Через небольшой прозрачный кружок запотелого окна Абрамс заглянул в маленькую гостиную. В камине горели дрова, а рядом сидели со стаканами в руках двое мужчин и две женщины. Мужчины были при черных галстуках. Тони узнал Джорджа ван Дорна, старшего компаньона фирмы «О'Брайен, Кимберли и Роуз», и Тома Гренвила, который также вскоре должен был стать компаньоном фирмы. Женщины, обе в вечерних платьях, были скорее всего их женами. Жители пригородов, коротающие вечер в городском особняке фирмы.
Абрамс три раза постучал дверным кольцом по черной двери. Дверь открыла привлекательная девушка лет двадцати пяти в черном сарафане и белом джемпере с воротником «хомут».
— Мистер Абрамс?
— Да.
Она улыбнулась:
— Пожалуйста, входите. Вы, по-моему, промокли. Меня зовут Клаудия.
Тони заметил, что она говорит с каким-то акцентом, видимо, центрально-европейским. Абрамс вошел в прихожую, и девушка взяла его плащ.
— А где ваша шляпа?
— На столе у моего дядюшки.
Она немного помедлила и сказала:
— Ваши вещи наверху. Вы когда-нибудь раньше здесь бывали?
— Если только в прошлой жизни.
Она засмеялась и добавила:
— Вторая дверь слева… Хотя, давайте я сама вам покажу.

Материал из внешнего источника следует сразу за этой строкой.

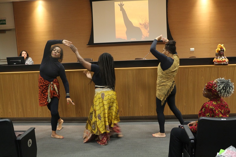 A apresentação do grupo de dança Afro Omudua encerrou as atrações do período da manhã. E as atividades do período da tarde iniciaram com a apresentação musical da Gerente de Saúde Comunitária, Gerusa Bittencourt.
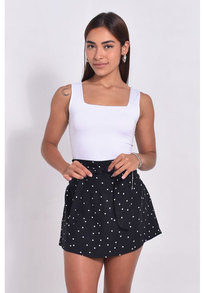 Clássico e cheio de charme, o short saia poá é aquela peça que transforma qualquer look. Sua modelagem soltinha traz leveza e conforto, enquanto o cós alto com amarração valoriza a cintura com um toque delicado. O detalhe transpassado na parte frontal cria o efeito de saia, adicionando feminilidade e movimento à produção.
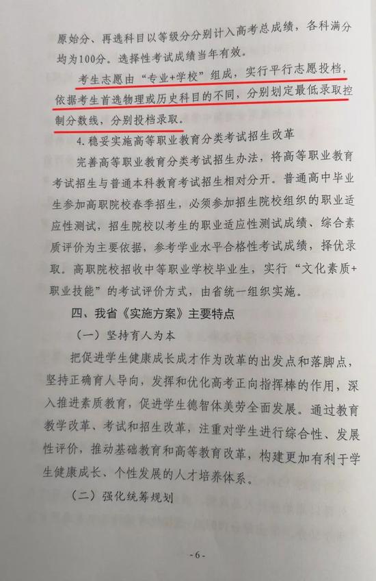 考生志愿由“专业+学校”组成,实行平行志愿投档,依据考生首选物理或历史科目的不同,分别划定最低录取控制分数线,分别投档录取。
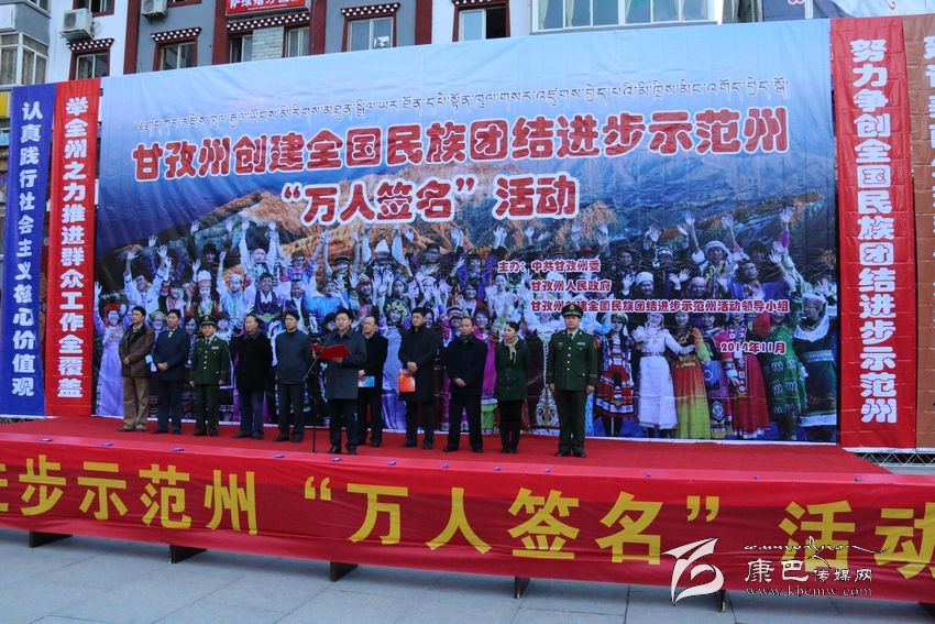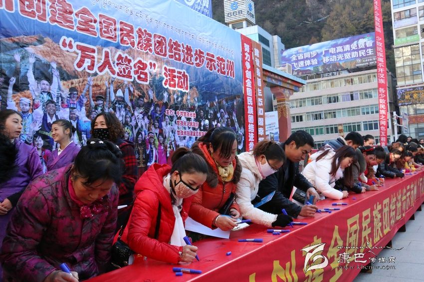 州人大常委會副主任李致民宣布創(chuàng)建全國民族團(tuán)結(jié)進(jìn)步示范州“萬人簽名”活動正式開始后,州領(lǐng)導(dǎo)汪洋、李致民、楊國元、范文華、蔣秀英、楊學(xué)康以及甘孜軍分區(qū)、駐州武警部隊領(lǐng)導(dǎo)同州級機(jī)關(guān)、志愿者、個體工商戶、學(xué)生、駐軍、政法干警、康定縣黨政機(jī)關(guān)干部代表近千人,陸續(xù)到“萬人簽名”條幅上簽下了自己的姓名。

Она повесила плащ на крючок над батареей и повела Тони наверх.
Они прошли мимо гостиной, а затем по узкому коридору с низким потолком. Лестница была немного покосившейся, как и весь дом, но для нынешнего времени идеально прямых домов это было шиком. Клаудия открыла дверь и впустила его в маленькую комнату, обставленную настоящим «чиппендейлом». Смокинг Тони покоился в коробке с надписью «Одежда напрокат от Мюррея», лежавшей на кровати с высокими ножками.
Девушка сказала:
— Халат на кровати. Ванная — напротив, а на туалетном столике вы найдете все необходимое для душа и бритья. Когда оденетесь, может быть, захотите присоединиться к ван Дорнам и Гренвилам за коктейлем. Могу я быть еще чем-нибудь полезна?
Абрамс подумал, что она была достаточно сведущим человеком. Когда она поправляла свои каштановые волосы, он присмотрелся к ней повнимательнее.
— Я не мог видеть вас в офисе?
— Возможно, ведь я — клиент фирмы.
— Вы сами откуда?
— Что? А, я из Румынии. Теперь живу в этом доме.
— В качестве гостя?
— Я не чья-то любовница, если вы это имеете в виду. Я — политическая эмигрантка.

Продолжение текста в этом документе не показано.